В то время как Троцкий был сторонником радикальной, очень агрессивной версии Просвещения, Зина верила в инстинкты. Инстинкт – это память поколений, писала она, и самая мощная сила в жизни. Ее инстинктом была вера в отца, писала Зина. «Слепая сила инстинкта» накажет тех, кто не верит в нее, убеждала она Троцкого. Врачи не могли помочь ей, писала она; лишь авторитет отца поддерживал ее. Адресат этих писем пролил реки крови для того, чтобы ослабить или уничтожить власть человеческих инстинктов. Теперь Троцкому противостояла дочь, которая страдала от крайней нехватки рационального мышления. Вместо того чтобы воспользоваться помощью специалистов, она повторяла старые уроки реакционной философии – примерно такими должны были быть его мысли по прочтении этих писем. Мы не знаем ответов Троцкого; его письма к Зине исчезли в Берлине после ее гибели, может быть не случайно. Убеждения этого крайнего рационалиста потерпели практическое поражение сначала в его политической борьбе, а потом и в личной жизни. Со своей архаичной верой в инстинкты и всепоглощающей любовью к отцу Зина не приняла лечения, которое он выбрал для нее; не приняла его и Россия. Страна предпочла другого лидера, который поощрял нерассуждающую любовь и то, что позже назвали «культом личности»: любимый отец народа, который ведет к смерти. Зина тоже создала что-то вроде самодельного культа, и он тоже привел ее к смерти.

Принкипо

Итак, Зина была больна. Ее младшая сестра Нина умерла от туберкулеза как раз тогда, когда отец был сослан в Алма-Ату; ей было 26. Сестры были близки, и Зина часто думала, что Нину отравили. В январе 1928 года Троцкий был выслан из Москвы в Казахстан; через год его вывезли в Турцию. В это время, 15 октября 1928 года, Зина написала отцу из санатория под Москвой. Врачи нашли у нее инфильтрат в обоих легких в стадии рубцевания, но считали процесс благоприятным. Скоро ее выписали, запрещая только переутомление на работе. Как любой отец, Троцкий был обеспокоен. Однако ему удалось то, что при советской власти удавалось мало кому из отцов: лечить дочь за границей.
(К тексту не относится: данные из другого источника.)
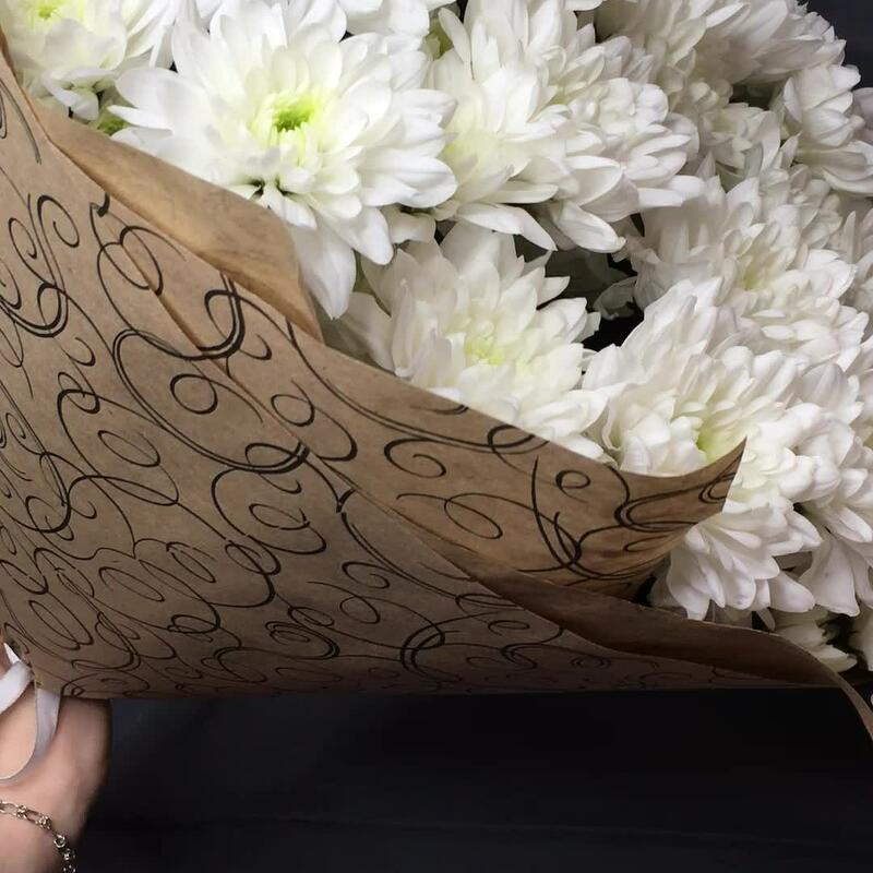 Лента атласная – 1 шт.Хризантема кустовая белая – 7 шт.Упаковка дизайнерская – 1 шт.

Мотивируя свою просьбу медицинской необходимостью, Троцкий убедил власти выпустить Зину из России. Ей разрешили взять с собой одного члена семьи, и она выбрала сына, оставив дочь и мужа в СССР (муж потом был расстрелян, дочь выжила в казахстанской ссылке). Сам Троцкий был уже в Турции, и его слова весили очень мало. Я не знаю, как ему удалось вывезти дочь и внука. Возможно, кто-то из тех, кто принимал решения в Москве, продолжал симпатизировать Троцкому и его родным. Или наоборот: люди у власти наслаждались психологической пыткой. Лаокоону пришлось самому принимать решение, кого из детей и внуков попытаться оставить в живых, а кого даже и не пытаться.